The database will release bug fix updates on issues from the GitHub that have been reported every half a year. You can always create new issues and make a tag to become our contributor.

Our next update will include a web-based application for the user-friendly addition of new specimen information to the database.

My Map

Usage

🎋Click for branch creation tutorial

git_gif_guide_1

📋Click to learn data addition and pull request review

git_gif_guide_2

⚙️Click to view data validation

git_gif_guide_3

If you find dataset validation errors or think of a new dataset validation, please create an issue in our GitHub repository.

Samples Column Specifications

The SAMPLE tables stores information about the sample before it was sequenced: type, date of collection, geographic coordinates, depth, temperature of sample extraction, material of sample, etc.
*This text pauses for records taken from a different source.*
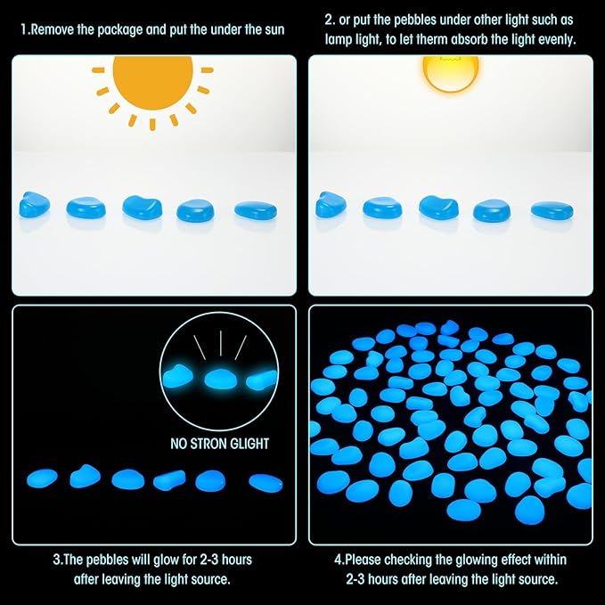 - Simple to Use: our glow in the dark stones are user friendly; Simply expose these glow rocks to light so they can absorb and store it; When it gets dark, they emit a blue glow for several hours, gradually dimming as the night goes by; If they stop glowing, have them absorb light again, and they're ready to illuminate your space once more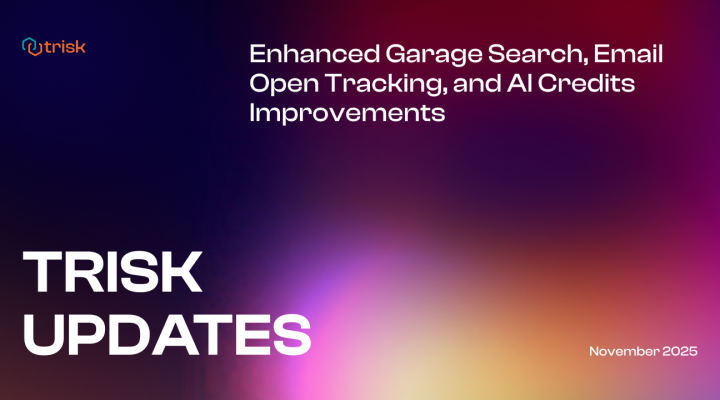 Trisk Updates November 2025: Enhanced Garage Search, Email Open Tracking, and AI Credits Improvements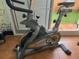Bicicleta estática BH Spada 2 Racing, ideal para entrenamientos en casa. Diseñada para ofrecer una experiencia de ciclismo indoor. - Modelo: Spada 2 Racing H9356i - Color: Gris con detalles naranjas - Manillar ajustable - Sillín ergonómico y ajustable - Pedales con correas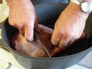① ナイフで肉に小さな穴を開け、ニンニクを押し込んでいきます。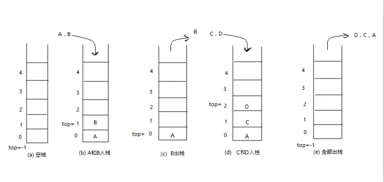 在前面的文章自己实现集合框架(十一):栈接口中介绍了栈的相关概念,那么什么是顺序栈呢?顺序栈指采用顺序储存结构储存数据元素的栈,比如采用数组来存放数据元素。栈的特点是只能在栈顶进行操作,后进先出,所以A,B,C,D四个元素的出栈入栈状态变化过程如下图所示: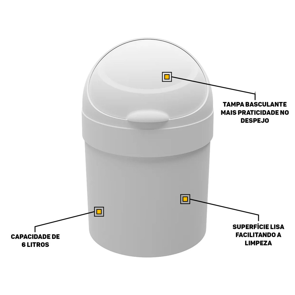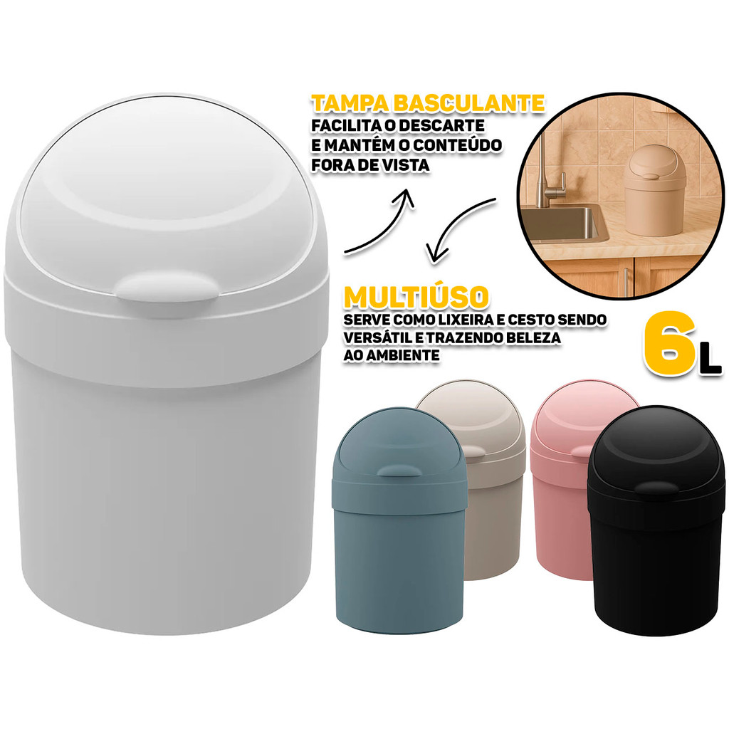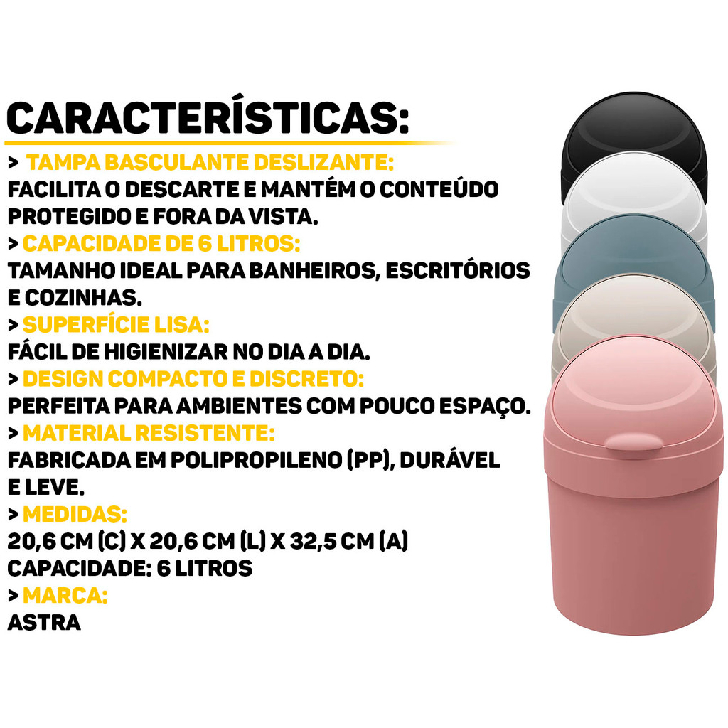 Lixeira Tampa Basculante Cesto Multiuso Para Banheiro Escritório Cozinha 6 Litros Astra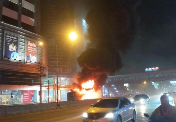 被烧的公交车,图片来源Thai PBS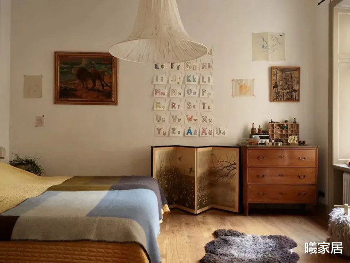 在孩子的房间,也使用了各种各样的米色和装饰材料,营造的vintage质感不会老气压抑,更显气质不俗。门框上的秋千,墙上的字母卡片,这种当代的生活状态加入复古氛围感的空间,真是太令人感到惊喜了。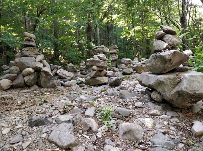 По пути встретилась полянка со скульптурами из камней - на некоторых из них лежали всякие мелкие безделушки и сладости. Мы решили, что это подношения духам :)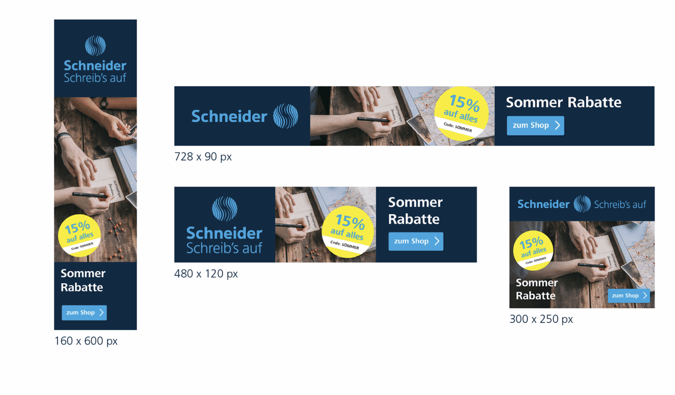 Onlinebanner können in den unterschiedlichsten Formaten gestaltet werden: vom sehr schmalen Hochformat bis zum außergewöhnlich breiten Querformat. Die äußere Form kann variieren, die Gestaltungsmittel bleiben jedoch immer konstant.

Numeric and text fields must be filled in with "None" (capitalized) to indicate 'there can be no value meaningfully' or "unknownn" to indicate 'value is not known, but theoretically could be'. For example, if only water is being tested in a sample and there is no oil in the sample, the API index would be "None" because there is no oil in that sample and there can be no viscosity index. Conversely, if the viscosity index in the "crude oil" sample was not measured, then the API column should be set to "unknown".

All column with 'defined categories' should be validated against schemas_samples/<column>.json. This is necessary to ensure data consistency.

If you wish to a new category, please consult with the agni-bioinformatics-lab, and then add it to schemas_samples/<column>.json.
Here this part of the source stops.